# Introduction to <font color=blue>pySpark</font> https://spark.apache.org/

![Image of Sklearn](https://spark.apache.org/images/spark-logo-trademark.png)



## RDD creation

**Resilient Distributed Dataset** or **RDD**. An RDD is a distributed collection of elements.

* Creating new RDDs, **transforming** existing RDDs, or calling **actions** on RDDs to compute a result.

* Spark automatically distributes the data contained in RDDs across your cluster and parallelizes the operations you perform on them.

### FIRST check SparkContext is available

In [None]:
sc

### GET SparkContext configuration will be "local" see spark.master

* ### <font color=red>local[*]</font> means Spark locally with as many worker threads as logical cores on your machine.

In [None]:
sc._conf.getAll()

## <font color='magenta'>--------------------------To Do:---------------------------</font>

* ### how many cores do we have?

In [None]:
import .....


## Creating a RDD from a file  : we will use <font color=orange>churn-bigml-80.csv</font>

The most common way of creating an RDD is to load it from a file.

(Spark's `textFile` can handle compressed files directly, as gz).    

## <font color='magenta'>--------------------------To Do:---------------------------</font>

* ### load churn-bigml-80.csv as a text file

In [None]:
data_file = ....
raw_data = sc.textFile(data_file)

Now we have our data file loaded into the `raw_data` RDD.

Without getting into Spark *transformations* and *actions*, the most basic thing we can do to check that we got our RDD contents right is to `count()` the number of lines loaded from the file into the RDD.  

In [None]:
raw_data.count()

We can also check the first few entries in our data.  

In [None]:
raw_data.take(5)

## <font color='magenta'>--------------------------To Do:---------------------------</font>

* ### take first line: first_line
* ### create a `list` with features names: features
* ### print...

In [None]:
first_line=

# create a list with features
features = 
print("number of elements =",.....)
print("Features: \n",.....)

### Check: pySpark "structures" RDD vs python ... lists, etc.

In [None]:
type(raw_data)

In [None]:
type(features)

In the following notebooks, we will use this raw data to learn about the different Spark transformations and actions.  

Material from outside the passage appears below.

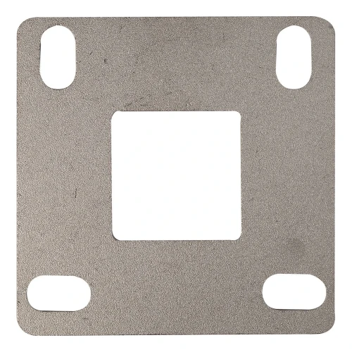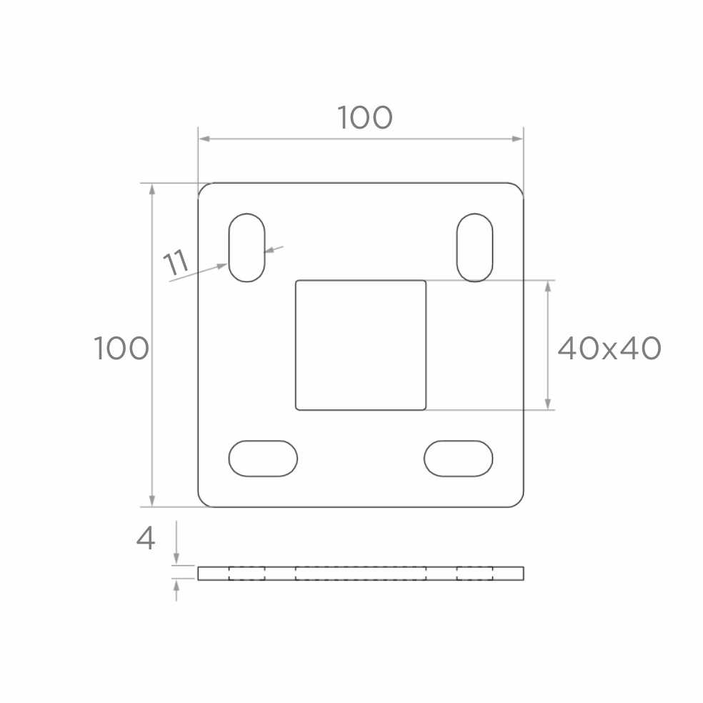 Die Basis verfügt über ein zentrales quadratisches Loch 40x40 mm, das an das Pfostenprofil angepasst ist, sowie vier Montagelöcher vom Typ Langloch (11x20 mm), die eine präzise Positionsregulierung beim Anschrauben an den Untergrund ermöglichen. Die rohe Oberfläche (ohne zusätzliche Bearbeitung) erlaubt das Schweißen ohne Entfernung von Beschichtungen — sofort nach dem Auspacken einsatzbereit.

## Creating and RDD using `parallelize`

Another way of creating an RDD is to parallelize an already existing list.  

## <font color='magenta'>--------------------------To Do:---------------------------</font>

* ### Create  range 0,1,2,.... 1000

... discuss range and list(range)

In [None]:
a = 

data = sc.parallelize(a)

## <font color='magenta'>--------------------------To Do:---------------------------</font>

* As we did before, we can count the number of elements in the RDD.
* and show the first five elements...

In [None]:
data.....

As before, we can access the first few elements on our RDD.  

In [None]:
data.....

## <font color=brown>Let's see now TRANSFORMATIONS and ACTIONS</font>

## The `filter` transformation

This transformation can be applied to RDDs in order to keep just elements that satisfy a certain condition. More concretely, a function is evaluated on every element in the original RDD. The new resulting RDD will contain just those elements that make the function return `True`.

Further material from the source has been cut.